Exercise: Transcribe the entries below exactly, starting with the line that has "Aprilia heeft de" and stopping after the line that has "Дабы приобрести недвижимость"; no pictures belong in the copy.

Data shown:
___

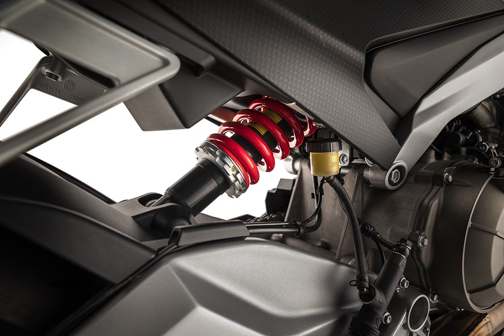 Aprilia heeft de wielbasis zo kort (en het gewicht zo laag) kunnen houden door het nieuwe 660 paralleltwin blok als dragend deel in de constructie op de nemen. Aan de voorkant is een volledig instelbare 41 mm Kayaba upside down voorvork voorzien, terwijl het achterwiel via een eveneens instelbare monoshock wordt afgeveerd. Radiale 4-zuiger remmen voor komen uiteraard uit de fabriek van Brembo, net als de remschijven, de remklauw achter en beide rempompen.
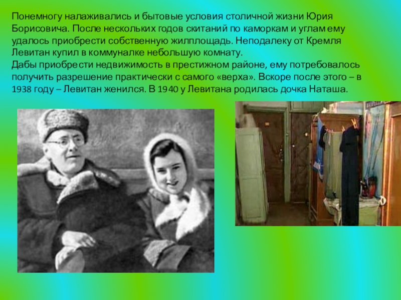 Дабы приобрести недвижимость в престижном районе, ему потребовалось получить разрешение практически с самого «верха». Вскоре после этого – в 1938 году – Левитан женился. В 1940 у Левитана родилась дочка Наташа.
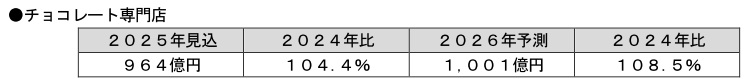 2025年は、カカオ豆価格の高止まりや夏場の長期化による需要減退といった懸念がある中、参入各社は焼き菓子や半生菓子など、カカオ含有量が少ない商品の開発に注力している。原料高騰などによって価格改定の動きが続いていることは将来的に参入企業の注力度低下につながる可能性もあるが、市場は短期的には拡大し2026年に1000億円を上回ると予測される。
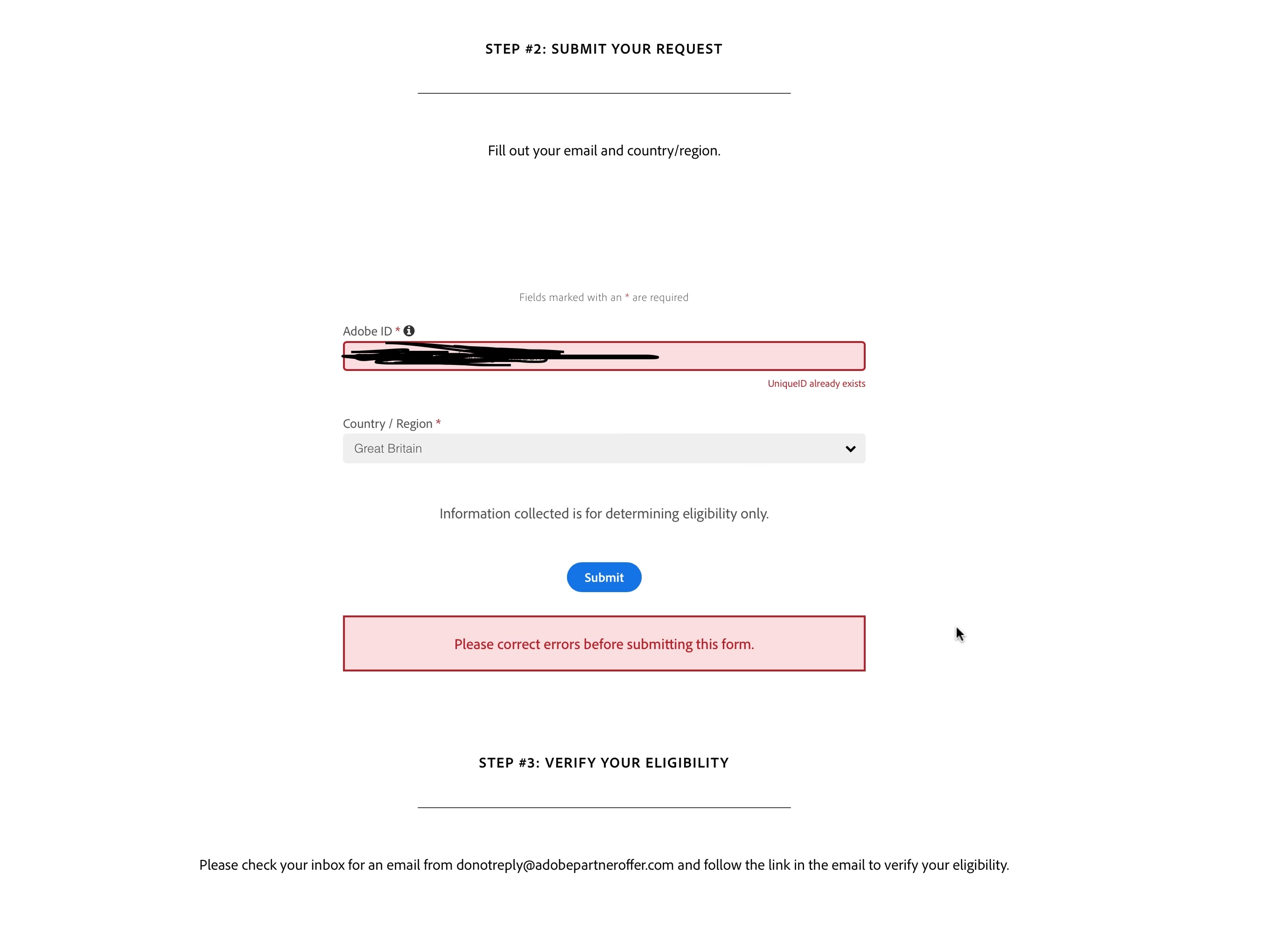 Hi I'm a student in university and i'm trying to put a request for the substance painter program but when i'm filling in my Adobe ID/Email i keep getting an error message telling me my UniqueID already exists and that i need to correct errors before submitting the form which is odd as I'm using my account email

___

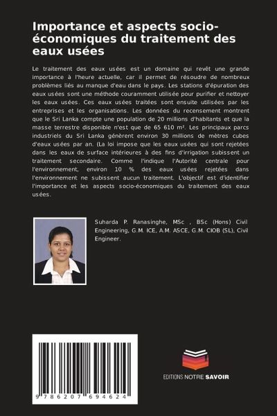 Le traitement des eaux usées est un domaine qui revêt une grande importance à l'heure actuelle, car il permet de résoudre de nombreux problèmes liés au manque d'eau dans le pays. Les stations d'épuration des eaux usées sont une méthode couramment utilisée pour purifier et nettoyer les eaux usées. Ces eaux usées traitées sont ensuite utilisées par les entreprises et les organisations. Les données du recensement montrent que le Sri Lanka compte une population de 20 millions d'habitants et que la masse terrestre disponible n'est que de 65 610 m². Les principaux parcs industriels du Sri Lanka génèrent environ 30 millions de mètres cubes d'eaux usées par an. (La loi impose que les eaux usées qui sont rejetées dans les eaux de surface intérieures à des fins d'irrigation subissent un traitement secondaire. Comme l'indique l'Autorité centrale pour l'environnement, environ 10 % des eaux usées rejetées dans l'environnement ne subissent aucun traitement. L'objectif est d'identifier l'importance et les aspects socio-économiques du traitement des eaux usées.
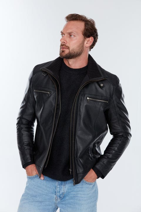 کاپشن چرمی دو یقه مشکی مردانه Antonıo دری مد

___

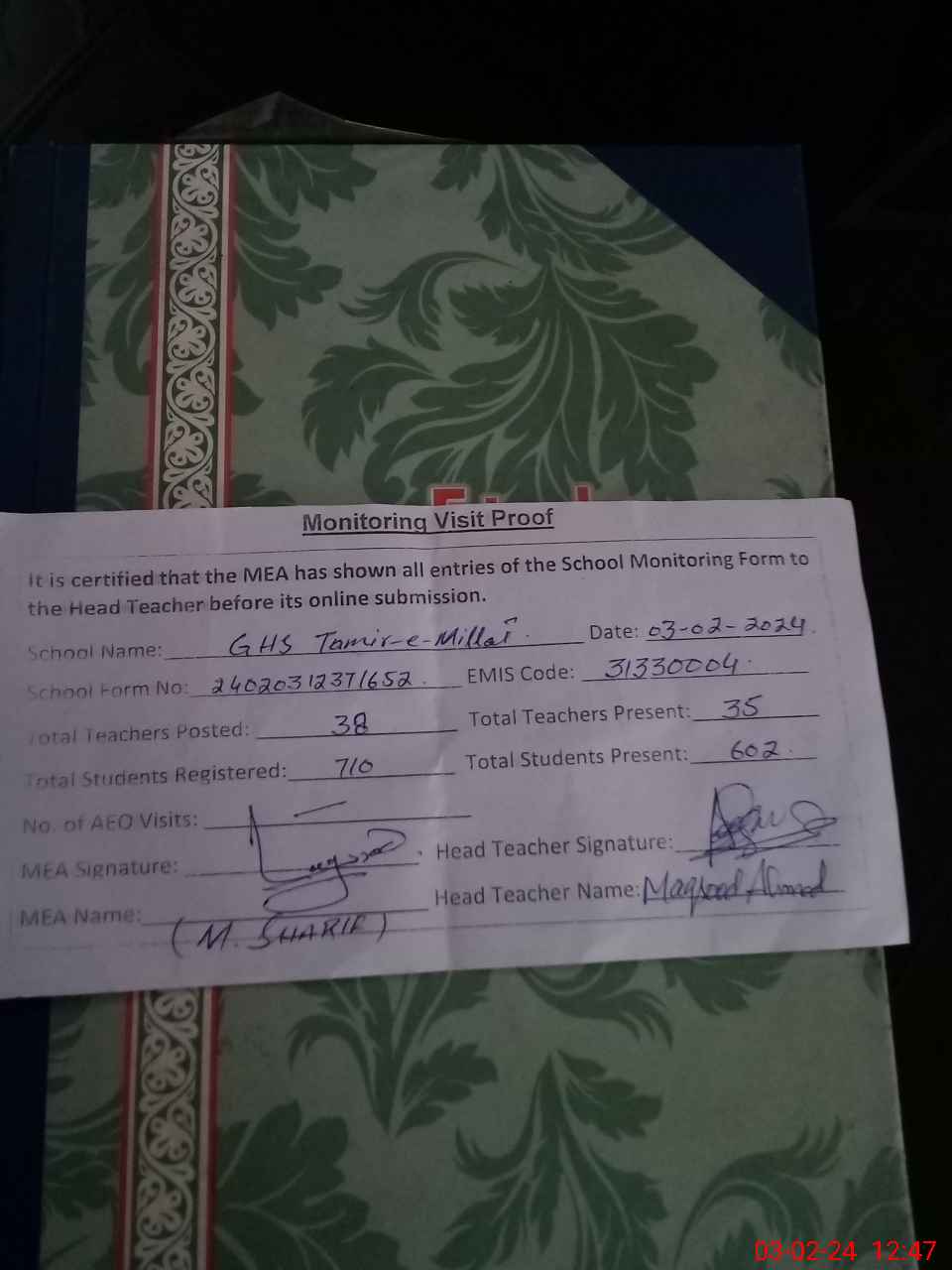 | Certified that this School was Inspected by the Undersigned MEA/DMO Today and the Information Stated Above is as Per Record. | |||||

___

Result:
 Aprilia heeft de wielbasis zo kort (en het gewicht zo laag) kunnen houden door het nieuwe 660 paralleltwin blok als dragend deel in de constructie op de nemen. Aan de voorkant is een volledig instelbare 41 mm Kayaba upside down voorvork voorzien, terwijl het achterwiel via een eveneens instelbare monoshock wordt afgeveerd. Radiale 4-zuiger remmen voor komen uiteraard uit de fabriek van Brembo, net als de remschijven, de remklauw achter en beide rempompen.
 Дабы приобрести недвижимость в престижном районе, ему потребовалось получить разрешение практически с самого «верха». Вскоре после этого – в 1938 году – Левитан женился. В 1940 у Левитана родилась дочка Наташа.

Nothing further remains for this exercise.